Sensing, Understanding, and Shaping Human Behavior

Speaker
Dr Vivek K. Singh,
Assistant Professor,
School of Communication and Information,
Rutgers, The State University of New Jersey

Visiting Professor,
Media Lab,
Massachusetts Institute of Technology

Chaired by
Dr Mohan KANKANHALLI, Provost's Chair Professor, School of Computing
mohan@comp.nus.edu.sg

26 Jul 2016 Tuesday, 10:30 AM to 12:00 PM

MR6, AS6-05-10

Today there are more than a trillion data points observing human behavior. This allows us to understand real-world social behavior at scales and resolution not possible before and at the same time brings up critical privacy challenges. This talk discusses multiple insights obtained at understanding social behavior based on multimodal interaction data (calls, bluetooth, sms, surveys) coming from a community of users. For example, they show the feasibility of automatically detecting "trusted" ties in social networks, which in turn can be critical for causing behavior change in health and wellness settings. Conversely, paying specific attention to the privacy aspect of such data, I will discuss a novel approach to measuring privacy, and also how users can be encouraged to alter their privacy behavior in social settings.

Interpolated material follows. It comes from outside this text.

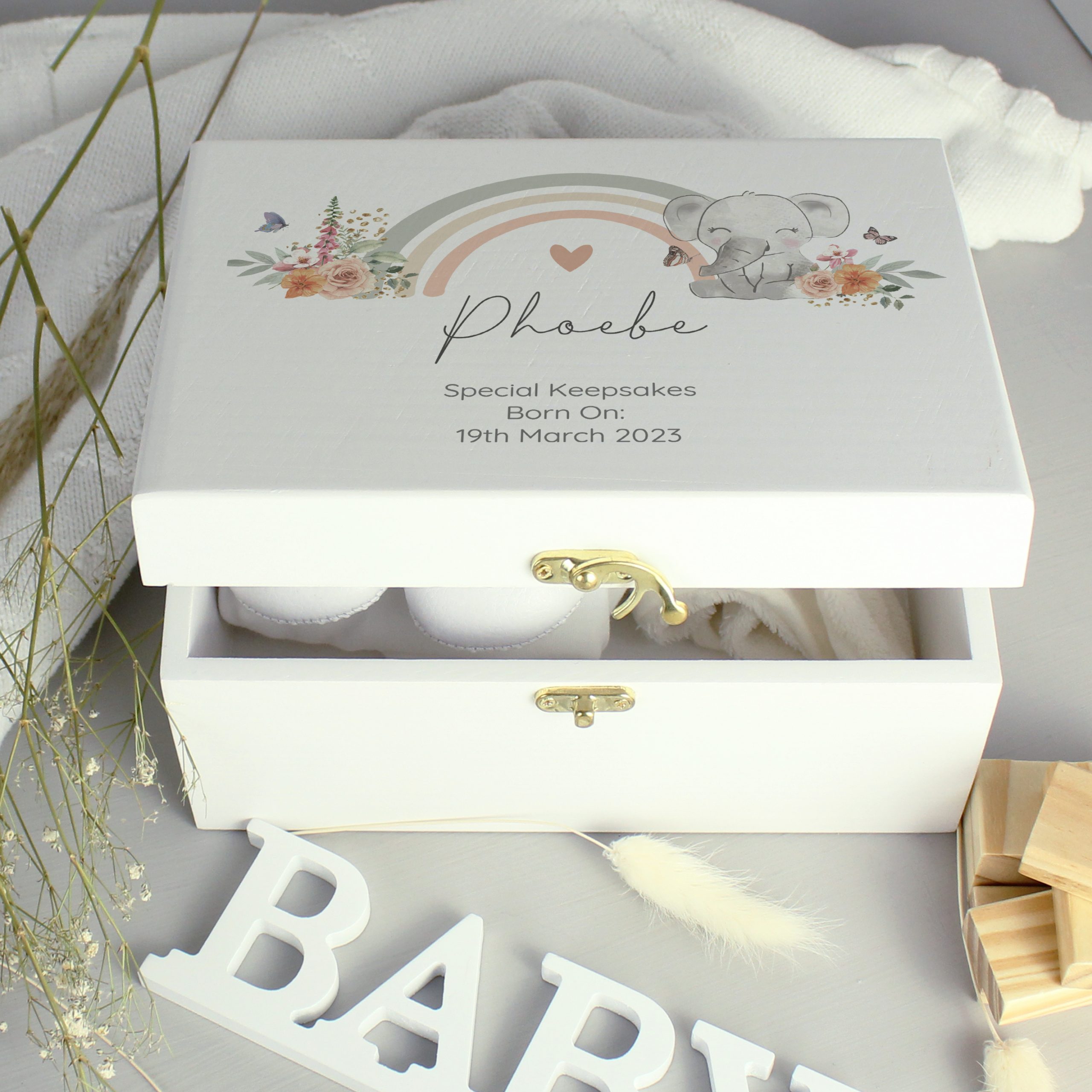 This cute elephant wooden keepsake box is perfect for storing their most important souvenirs and keepsakes.

Dr. Vivek Singh is an Assistant Professor in the School of Communication and Information at Rutgers University. Before joining Rutgers, he was a post-doctoral researcher the MIT Media Lab. He holds a Ph.D. in Information and Computer Science from the University of California, Irvine. He obtained his bachelors and masters degrees in Computer Science from the National University of Singapore. His work has been published in multiple leading scientific venues (Science, Proceedings of the IEEE), has received significant media coverage (BBC, New York Times, Wall Street Journal). He was selected as one of the 'Emerging Leaders in Multimedia Research' by IBM Research Labs in 2009, and he won the 2013 'Big Data for Social Good' datathon organized by Telefonica, the Open Data Institute and the MIT. Dr Singh's research is supported by the US National Science Foundation and Google Research.